I don't know.  But I suggest that it would be possible to make
it for two reasons: (a) such a change would not change the
number of strings or characters that can be registered at all:
only the base characters can actually appear in an IDNA string
post the ToUnicode(ToASCII(char)) operation pair and (b) if I
were a browser or other application producer, I'd be seriously
considering warnings if any characters from those blocks
appeared... something IDNA certainly does not prohibit.  Changes
that increased the number of registerable characters are
problematic, but not that problematic if they don't pick up a
character that now maps and make it "real" (which is the problem
with deciding that upper case Omega is a good idea).  Reducing
the number of characters that can be registered --making a
now-valid base character invalid-- would be a much harder
problem.

(iii) Finally, and most important, there are several areas in
the world for which IDNA, as now defined, is equivalent to no
progress on IDNs at all because they need characters that are
not in Unicode 3.2.  To accommodate them, we are going to need
to upgrade to at least 4.0 and, in some cases, to sets of
characters not yet fully defined.  At some point, our upgrading
the version of Unicode is going to be an absolute necessity.
That requires changing the nameprep/stringprep tables and, no
matter how painful we think that might be, we are going to need
to figure out how to do it.

---------------

Rather than start another note, an observation about the
blacklist idea that doesn't seem to have been mentioned...  Let
me state this in personal terms:  I don't like blacklists.  The
reasons aren't technical at least in the first instance, but a
whole series of system behavior observations.  For example:

(1) It tends, in practice, to be much easier to get on them than
off of them.  One can certainly say "put .NET and .COM on the
list, and, when Verisign changes its behavior, we will take them
off".  But that hides a whole set of issues, such as whether you
believe them when they say their behavior has changed, whether
the behavior has changed enough (unfortunately, this is really
not a binary situation), and so on.

(2) There is a protocol issue with how the blacklist is
maintained.  If it is part of the code of the relevant
applications software, or a plug-in or add-on to it, we have to
face the problem that the average end user doesn't upgrade
things on the schedules we would like, resulting in a different
"harder to get off than on" case.  If the application is
designed to automatically update itself from a common source on
the network, we are suddenly faced with all of the problems
caused by various people's ideas of security: authentication of
the new tables, firewalls and system configurations that are
hostile to that sort of upgrading, and so on.
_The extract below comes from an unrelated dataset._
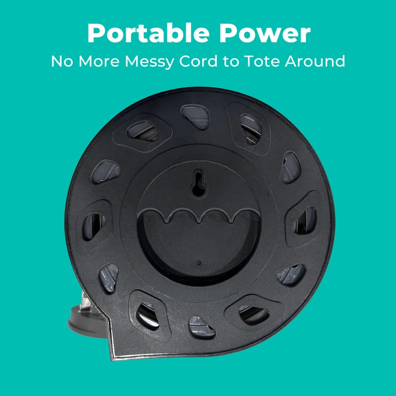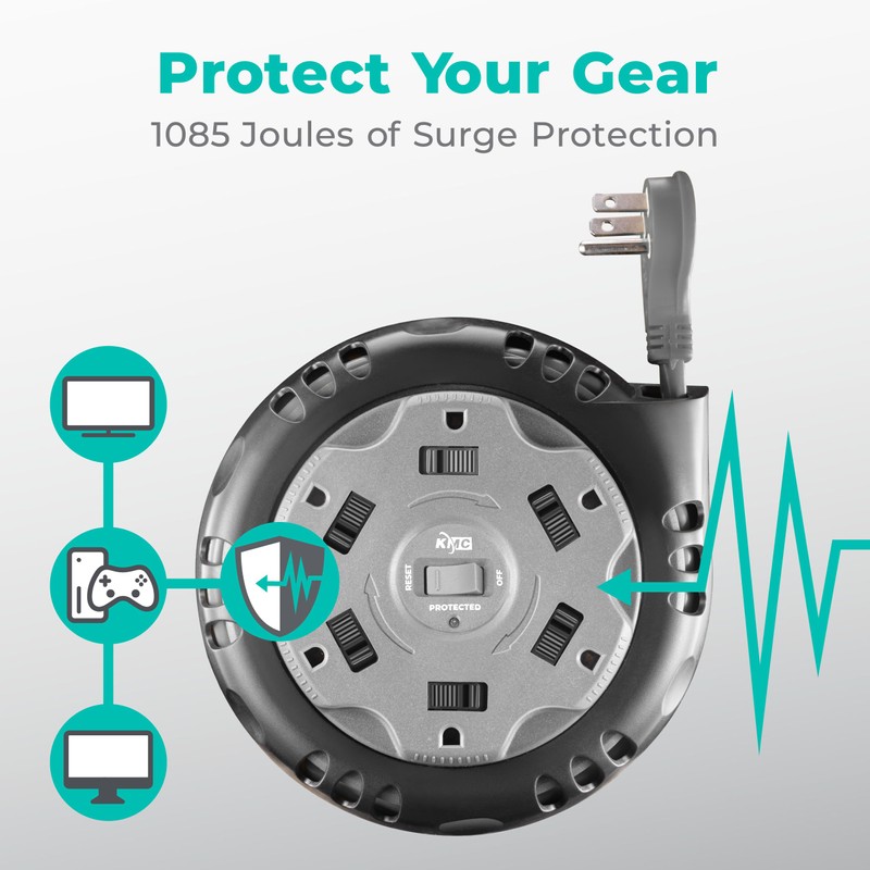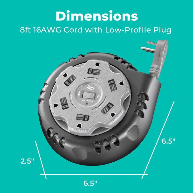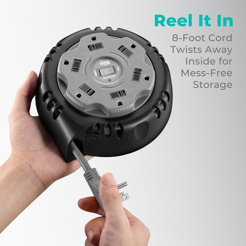 - CONVENIENT: This self-contained and portable surge protector features a 8-foot 14/3 retractable extension cord that manually winds into the internal cord reel. The durable PVC cord has a low-profile plug to easily fit behind furniture.

(3) As we have seen with spam, the existence of a blacklist
mechanism, no matter how well conceived, is an invitation to
abuse and/or claims that abuse is occurring.  If we create a
mechanism for putting up warnings about IDN use in particular
domains, how long will it be before there are demands to put up
warnings for domains that are, statistically, too friendly to
spammers, pornographers, phishers, music-swappers, or holders of
unpopular social or political positions?  We all understand the
difference between those issues and ones where the boundary can
be set using objective technical criteria.  But we have had long
experience with governments and policy advocates not
understanding the distinction and, indeed, being determined to
not do so.

(4) Finally, the result of too many warnings is that warnings
are ignored.  Certainly it is better to flag or color IDNs from
a few domains than it is for all domains.  And it is almost
certainly better to do something than nothing.  But, if the
domains flagged contain a large fraction of all of the
second-level registrations in the world, we should keep our
expectations of how much such measures will help very moderate.